1) how to make my body happy - this body is crazy sensitive I have found out. I took out all processed foods and foods that are hard for your body to digest...and trust me, I now know what makes my stomach hurt. For some reason, potatoes are hard for my stomach to digest...I get a stomach ache afterwards and I always thought it was because I ate too much. Actually, I found out that potatoes contain some kind of compound that naturally makes it harder for your body to digest. There is such a science to food and it's amazing when you start listening to your body, what it can tell you about what you are eating. I like knowing what I'm getting myself into now when I eat certain foods :) Here's the other way to keep your body happy and healthy, don't eat from your cupboard. In 6 weeks, the only thing I ate from the cupboard was nuts and almond butter. Everything else came from the refrigerator. Eating this way can be expensive, because produce isn't exactly cheap, but I'd pay anything to feel this good again. Also, we have saved money by not eating out...and now the times we do eat out, it is extra special! But don't get me wrong, now that I am off of the cleansing diet, I still treat myself once in awhile. I just know that I shouldn't expect my run to be easy when I eat a donut right before :)

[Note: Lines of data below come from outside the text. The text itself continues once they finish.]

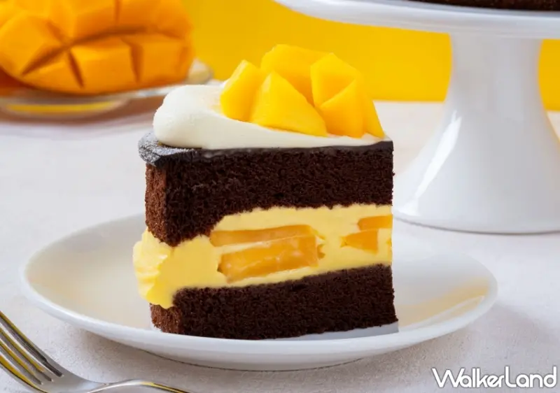人氣必吃BAC「百鑲鮮芒果蛋糕」豪邁地將份量感十足的鮮切芒果塊擺進濃郁滑順的鮮奶油中,以70% 比利時高級巧克力製成鬆軟湯種戚風蛋糕體,內層夾入果香馥郁的百香果卡士達酸甜夾餡以及飽滿的鮮芒果實,熱帶水果獨有的鮮美多汁中和大人系苦甜巧克力的濃郁風味,一口咬下香濃芒果果香飽滿迸發,滿滿夏日氣息即將狙擊每個芒果控的味蕾。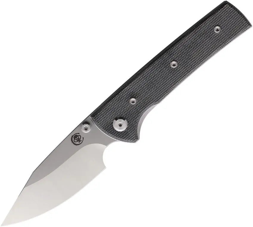 4.38" (11.13cm) closed. 3.38" (8.59cm) stonewash and satin finish Elmax steel spear point blade. Black canvas micarta handle. Thumb stud. Pocket clip.
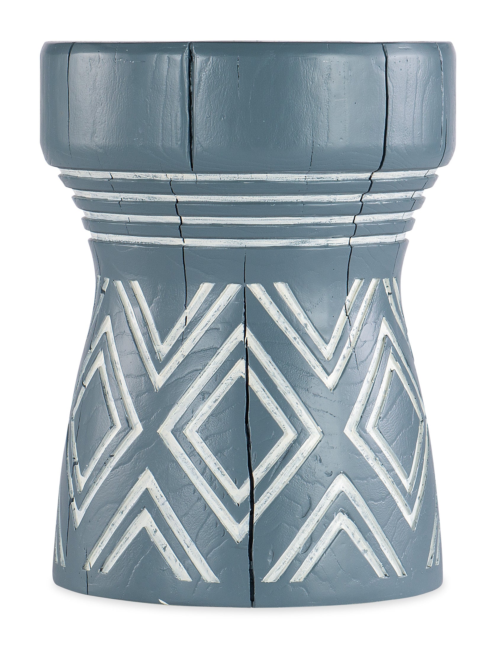 Crafted with cast resin in a design to portray nature’s aged roots, the Carved Stump Side Table is hand-painted with a bold geometric tribal print in white on a soft blue background.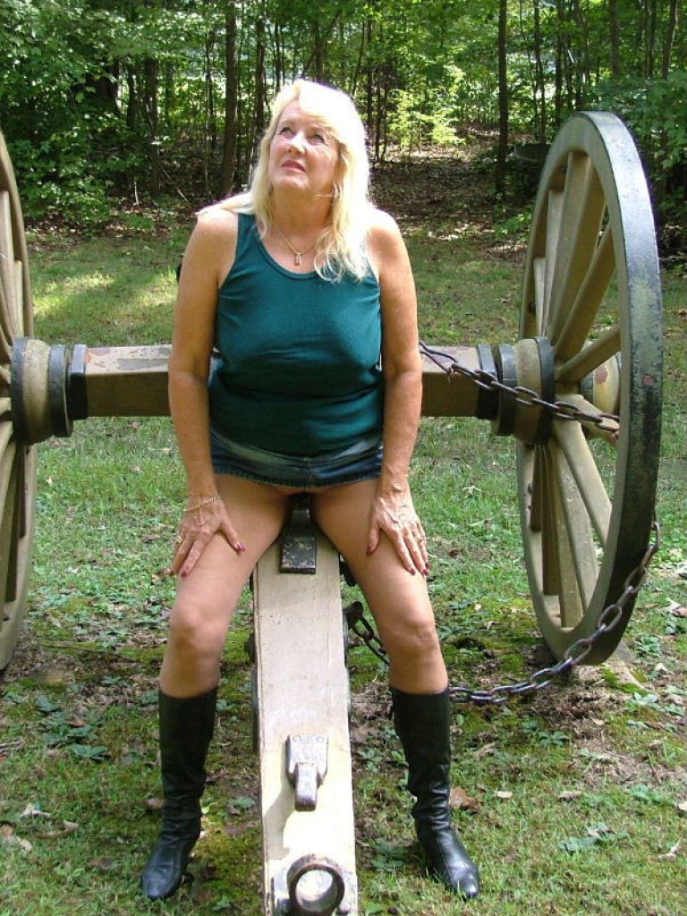 Busty mature Barby Slut in black pantyhose shows off her goodies in the open air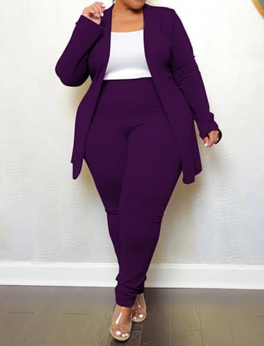 Product Name: Womens Plus Size 2 Piece Outfits Stretchy Elegant Chic Casual Blazer and Pants sets
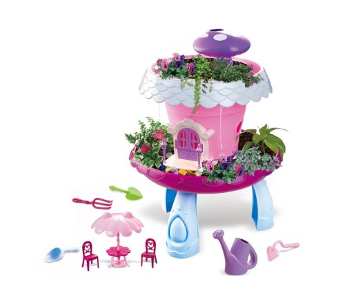 Produkt „Domček so záhradkou – zasaj a staraj sa“ predstavuje interaktívny záhradný set určený pre deti od troch rokov, ktorý kombinuje zábavu s prvkami starostlivosti o rastliny a rozvojom trpezlivosti. Hlavným motívom je ružový domček v tvare kvety, ktorého strecha je ozdobená bielymi strechovitými okrajmi a fialovou hubkou, ktorá slúži ako zavlažovací prvok. Domček je postavený na modrých nožičkách, ktoré mu dodávajú stabilitu a zároveň umožňujú pohodlnú prácu s rastlinkami na dvoch úrovniach. V okolí domčeka je priestor na pestovanie rastlín v kvetináčoch, čo deťom umožňuje sledovať rast ich vlastných výpestkov.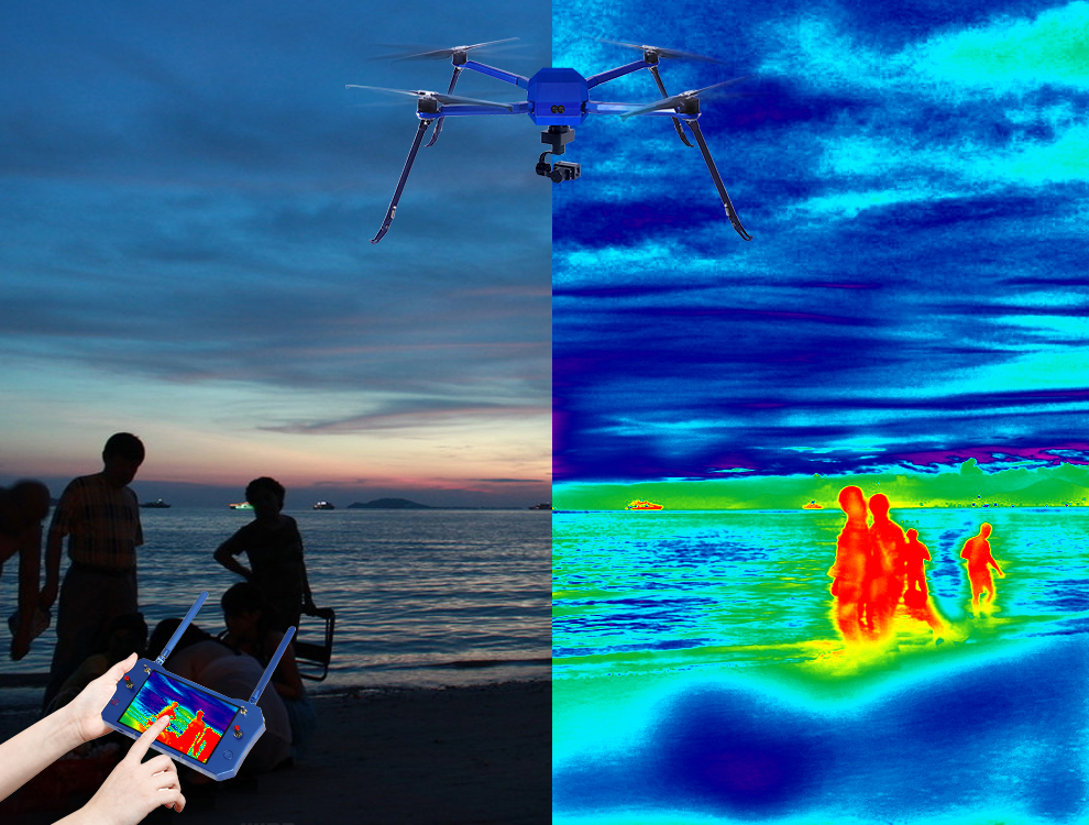在夜晚的巡邏當中,搭載的紅外熱成像儀,通過顏色、形狀、動作辨別人體的位置和狀態,協助分析是否處于危險狀態當中。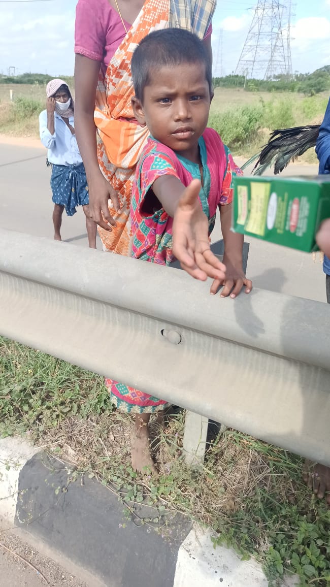A child from a migrant family walking towards Howrah receives relief material from volunteers at NH 16 in Chennai on May 14. Photo: Ariwarasan

2) how to trust in myself - I found that I have the ability to say no. Many times I was tested to just take 1 M&M as I passed them out to the preschoolers...but I didn't. Did I have 2 bites of cake at my parent's 40th anniversary party? Yes, because celebrating them was more important to me than a little extra sugar in my body. I had to make choices...but it got easier everyday because as the weeks went on I was able to eat more and more foods (because the diet was about cleansing out your system, then rebuilding it back up with natural foods). I grew more confidence while on this 40 day journey too. I set goals, and I achieved them, and I was very proud of myself. I knew I could do this, but to prove it to myself on the outside was a different story. I also did a lot of workouts during this time as well as started running again. And you know what...the more I run and recondition my bleomycin chemo'd lungs, the less I am needing my inhaler. I have another 5K this next Saturday and my goal is to run it without an inhaler. That would be SO amazing to me to beat those odds. I'm up to 2.5 miles without taking a puff, and I trust that if I keep working hard I can go to 3.2!
3) and who I am living for - I have prayed for some things during this diet or fast if you will. It is no mistake that I did this 40 day diet right before Easter. Making sacrifices reminds us of the sacrife that God made when He put His son on the cross for us, for me. God revealed Himself to me once again. He helped me heal these last 40 days. This past Easter, I remembered why I am on earth. It's not for me, but for Him. That through all of our circumstances, we should glorify Him and reveal to the world who He is and the healing only He may be able to bring. I am reminded of a verse in 1 Thessalonians lately...simply put 'Be happy, pray often, and thank God for all circumstances because that was His will for you.' I am learning so much through all of the situations that God is bringing me through. Although I may not like them, or understand them right away, or be grumpy about them at first, I know that down the road God will reveal why He had me go through each trial. So thank you God. I pray that You will always be the Living God inside my heart that guides me in all my adventures that lead to new understandings and a Life I can be proud to tell to my children about someday. But You by far have been my ultimate adventure!